For many, the world of finance is a complicated system better left to the experts. But, what the average American doesn’t realize is, that if left to the “experts,” the world of finance could come crashing down. What will be the cause of this potential imploding of the global financial infrastructure? The answer is simple: derivatives. You may be asking yourself what derivatives are and how they could possibly have such a grand impact on our world.
The Definition of a Derivative
In the simplest of terms, a derivative is a contract that is established between two parties that ultimately determines what the payment agreement will be between the them. But, since this definition still leaves things in general terms, it is easier to understand derivatives by looking at what they do rather than by what they are. Derivatives impact how financial institutions calculate the potential payout of an investment.
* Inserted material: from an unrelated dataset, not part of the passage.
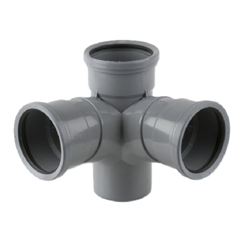 Brett Martin 110mm Push-Fit Soil uPVC Triple Socket 92.5 Degree Corner Branch, available in Grey.

The Greater Impact of Derivatives
When derivatives were first used, they were there as a protection, as a way to avoid risk. But, in recent years, they have become based on speculation so much that derivatives are no longer realistic. This means, the payoff of investments is over calculated to the extent that there would not be enough money in the world to cover them all if they were all to be cashed in all at once. So, if the world’s financial market were a casino, and all of the investors were the players, if they all won at the same time, it would end up breaking the house.
Right now, the top U.S. banks have a strong grip on the financial outcome of our nation. In 2002, just over half of all banking assets in our country were managed by the top 10 U.S. banking institutions. Just short of ten years later, that number has jumped to over 75 percent. This rapid control the U.S. banks are gaining over the nations funds should be of concern since many of these top banks have a high exposure to derivatives. And, essentially, if over speculating derivatives were to cause just a few of these banks to fall, then a good portion of our overall banking assets would fall with them. And, this would cause a global financial crisis since there is no government that would be capable of bailing out these banks if that were to happen.
Several years ago my speaking presentation started off with a short film clip about the size and potential destructive force of the derivatives issue. One of the first places that I played this video was in London and a few snickers went off in the background. The “comments” were especially directed at the idea of bank failures and that the entire system was so fragile and interconnected.
Well, a year later I was back in London and Black Rock had failed and the British were rather nervous to put it is polite terms. Not to gloat, but only to reinforce the problem some brief comments were made and we showed the film clip again. It was received much differently the second time, nothing like a dose of reality for bankers, brokers and fund managers to perceive things differently.
The Solution
At this point in the cycle of a currency crisis it is primarily on an individual basis that a solution exists, meaning that monetary assets outside the mainstream must be owned. Obviously for those familiar with this issue know precious metals offer the only viable way to hold and save real wealth outside the bond and equity markets. Longer term it is more difficult to state how the system will “right” itself because for the first time this currency crisis is truly global and we are all interconnected.